Note each line in the data holding the string "that" and report it.

::::::::::

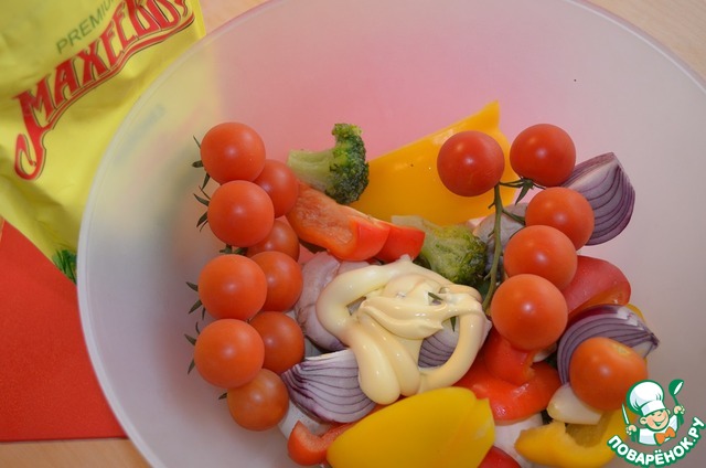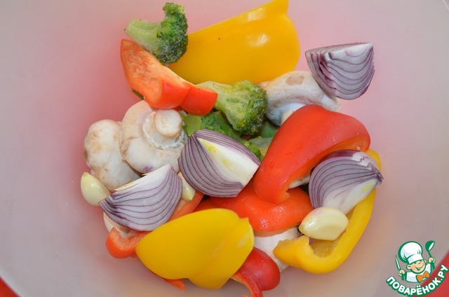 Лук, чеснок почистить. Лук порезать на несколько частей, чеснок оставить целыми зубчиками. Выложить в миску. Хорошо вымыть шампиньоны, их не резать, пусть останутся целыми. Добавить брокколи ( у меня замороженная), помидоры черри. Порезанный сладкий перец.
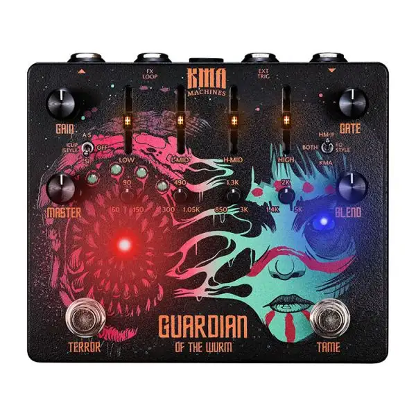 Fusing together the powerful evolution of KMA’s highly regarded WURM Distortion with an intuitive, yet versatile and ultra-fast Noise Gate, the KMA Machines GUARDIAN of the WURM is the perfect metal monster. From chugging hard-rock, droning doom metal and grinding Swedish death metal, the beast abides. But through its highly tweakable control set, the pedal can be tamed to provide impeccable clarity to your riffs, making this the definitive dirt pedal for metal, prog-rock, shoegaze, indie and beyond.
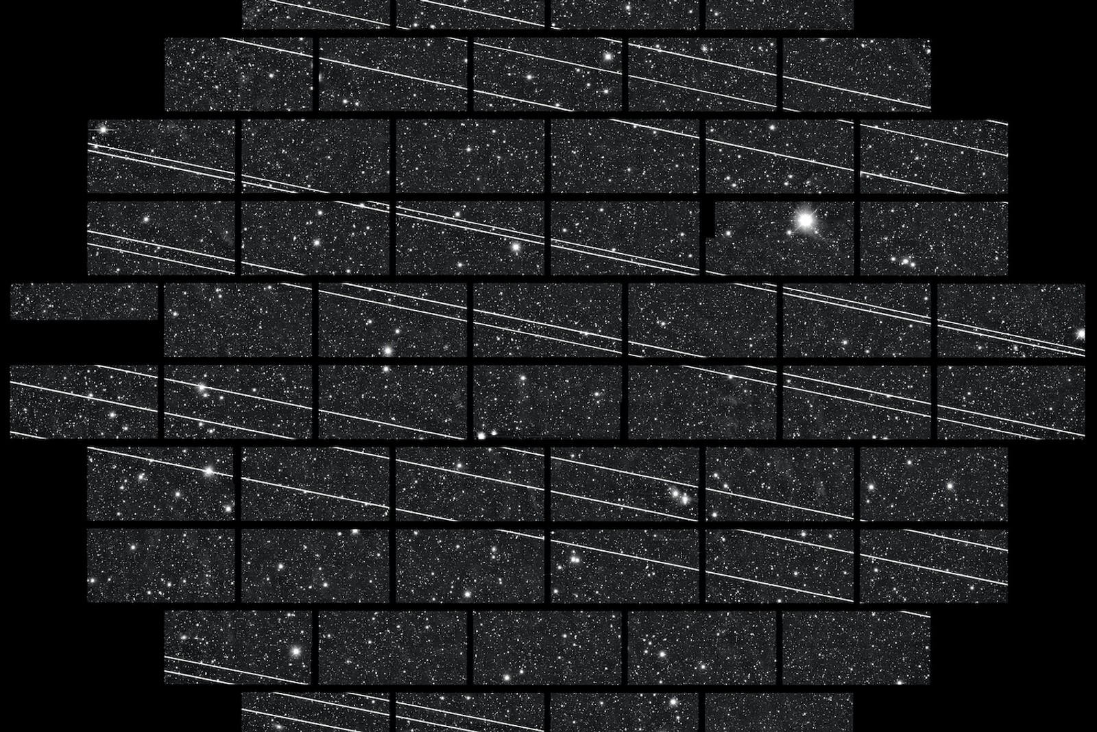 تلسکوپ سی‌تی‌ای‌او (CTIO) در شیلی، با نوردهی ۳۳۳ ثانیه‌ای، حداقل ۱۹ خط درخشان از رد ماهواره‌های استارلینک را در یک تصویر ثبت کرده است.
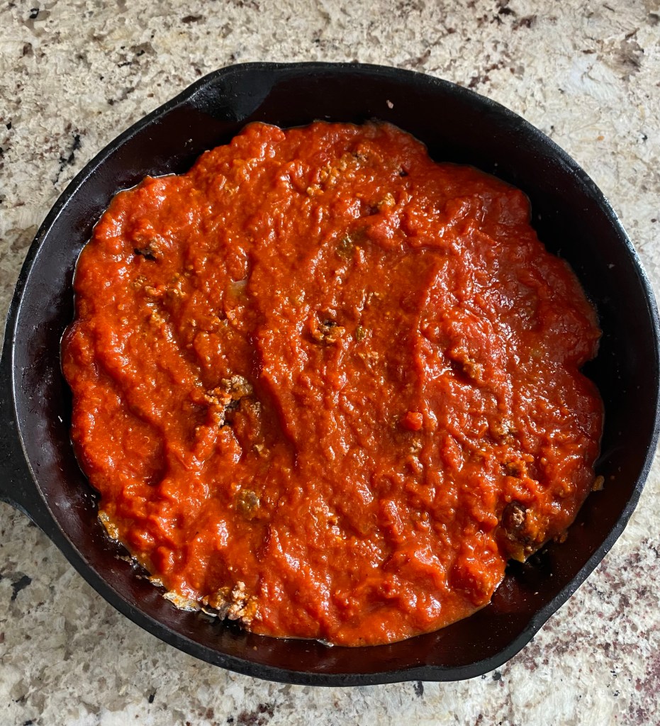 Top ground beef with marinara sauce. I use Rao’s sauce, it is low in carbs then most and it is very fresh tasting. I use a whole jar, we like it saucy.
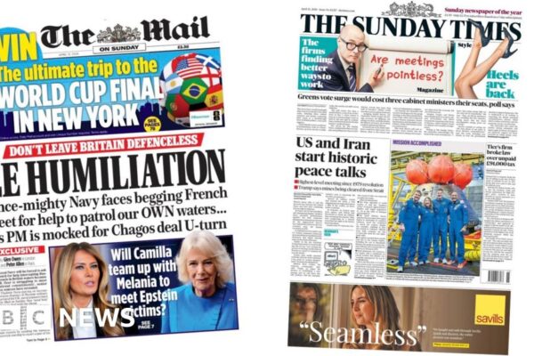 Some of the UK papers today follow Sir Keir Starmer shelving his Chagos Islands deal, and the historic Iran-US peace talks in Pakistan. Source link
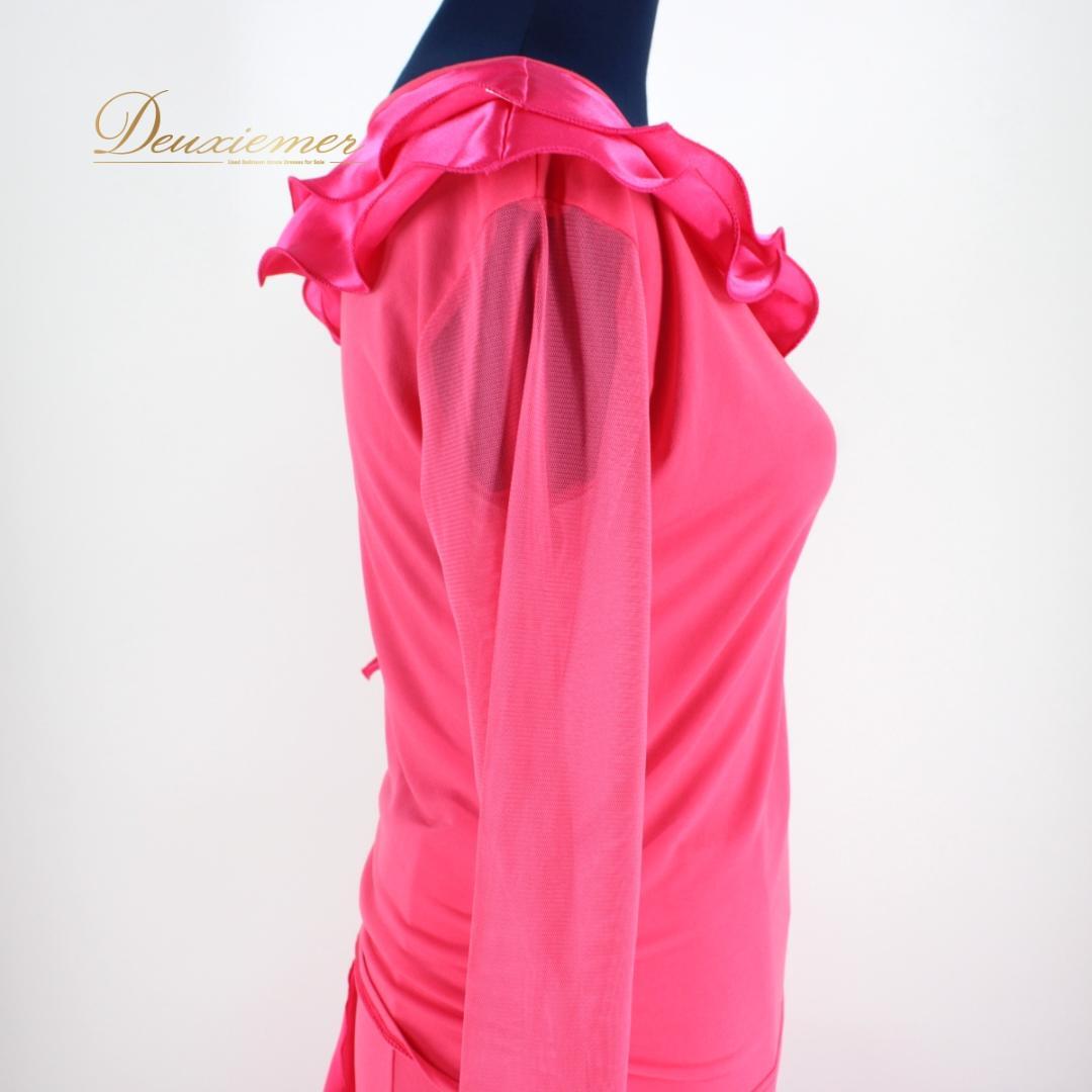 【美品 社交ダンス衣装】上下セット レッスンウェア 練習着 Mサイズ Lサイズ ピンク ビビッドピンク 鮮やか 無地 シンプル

::::::::::

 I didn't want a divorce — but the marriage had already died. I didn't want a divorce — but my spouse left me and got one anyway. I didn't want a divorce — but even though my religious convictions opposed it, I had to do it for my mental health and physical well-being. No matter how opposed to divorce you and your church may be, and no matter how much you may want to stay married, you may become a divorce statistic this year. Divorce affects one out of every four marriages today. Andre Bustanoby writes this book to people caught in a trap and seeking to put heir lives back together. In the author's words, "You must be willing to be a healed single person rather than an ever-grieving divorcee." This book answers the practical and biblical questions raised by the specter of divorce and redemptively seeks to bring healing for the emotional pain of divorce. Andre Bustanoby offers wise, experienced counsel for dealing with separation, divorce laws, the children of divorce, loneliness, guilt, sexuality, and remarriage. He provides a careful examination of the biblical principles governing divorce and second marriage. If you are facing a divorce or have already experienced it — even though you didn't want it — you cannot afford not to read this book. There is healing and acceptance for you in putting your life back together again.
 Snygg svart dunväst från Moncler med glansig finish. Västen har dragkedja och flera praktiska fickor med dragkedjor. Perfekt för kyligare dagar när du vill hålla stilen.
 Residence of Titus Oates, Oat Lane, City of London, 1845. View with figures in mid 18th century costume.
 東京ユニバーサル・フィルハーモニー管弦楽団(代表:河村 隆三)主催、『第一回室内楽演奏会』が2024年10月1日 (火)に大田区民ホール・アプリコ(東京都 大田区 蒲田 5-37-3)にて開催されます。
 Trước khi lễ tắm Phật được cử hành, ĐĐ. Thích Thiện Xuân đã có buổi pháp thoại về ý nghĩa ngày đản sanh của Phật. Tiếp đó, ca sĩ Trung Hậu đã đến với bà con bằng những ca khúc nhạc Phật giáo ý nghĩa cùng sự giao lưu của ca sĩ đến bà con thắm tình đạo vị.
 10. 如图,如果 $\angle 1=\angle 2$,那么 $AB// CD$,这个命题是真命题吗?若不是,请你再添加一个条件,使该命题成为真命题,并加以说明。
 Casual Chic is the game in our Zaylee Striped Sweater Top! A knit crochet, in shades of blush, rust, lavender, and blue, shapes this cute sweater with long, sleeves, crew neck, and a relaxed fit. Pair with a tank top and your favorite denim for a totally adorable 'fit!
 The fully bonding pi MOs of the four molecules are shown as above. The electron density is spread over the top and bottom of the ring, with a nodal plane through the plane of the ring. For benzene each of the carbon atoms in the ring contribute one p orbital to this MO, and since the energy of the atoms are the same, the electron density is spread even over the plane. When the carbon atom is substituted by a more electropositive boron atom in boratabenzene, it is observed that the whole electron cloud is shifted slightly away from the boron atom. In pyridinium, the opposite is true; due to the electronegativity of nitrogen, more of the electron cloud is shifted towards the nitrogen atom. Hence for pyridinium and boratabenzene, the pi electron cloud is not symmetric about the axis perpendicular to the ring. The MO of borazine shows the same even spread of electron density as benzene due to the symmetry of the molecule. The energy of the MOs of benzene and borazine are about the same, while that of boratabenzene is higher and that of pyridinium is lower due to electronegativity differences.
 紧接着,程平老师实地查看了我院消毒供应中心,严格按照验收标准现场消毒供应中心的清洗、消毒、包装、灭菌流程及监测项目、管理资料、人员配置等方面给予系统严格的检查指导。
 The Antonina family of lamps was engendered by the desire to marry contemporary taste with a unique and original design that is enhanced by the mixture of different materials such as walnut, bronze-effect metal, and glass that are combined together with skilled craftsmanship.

::::::::::

> _YOUR SOLUTION_
 The fully bonding pi MOs of the four molecules are shown as above. The electron density is spread over the top and bottom of the ring, with a nodal plane through the plane of the ring. For benzene each of the carbon atoms in the ring contribute one p orbital to this MO, and since the energy of the atoms are the same, the electron density is spread even over the plane. When the carbon atom is substituted by a more electropositive boron atom in boratabenzene, it is observed that the whole electron cloud is shifted slightly away from the boron atom. In pyridinium, the opposite is true; due to the electronegativity of nitrogen, more of the electron cloud is shifted towards the nitrogen atom. Hence for pyridinium and boratabenzene, the pi electron cloud is not symmetric about the axis perpendicular to the ring. The MO of borazine shows the same even spread of electron density as benzene due to the symmetry of the molecule. The energy of the MOs of benzene and borazine are about the same, while that of boratabenzene is higher and that of pyridinium is lower due to electronegativity differences.
 The Antonina family of lamps was engendered by the desire to marry contemporary taste with a unique and original design that is enhanced by the mixture of different materials such as walnut, bronze-effect metal, and glass that are combined together with skilled craftsmanship.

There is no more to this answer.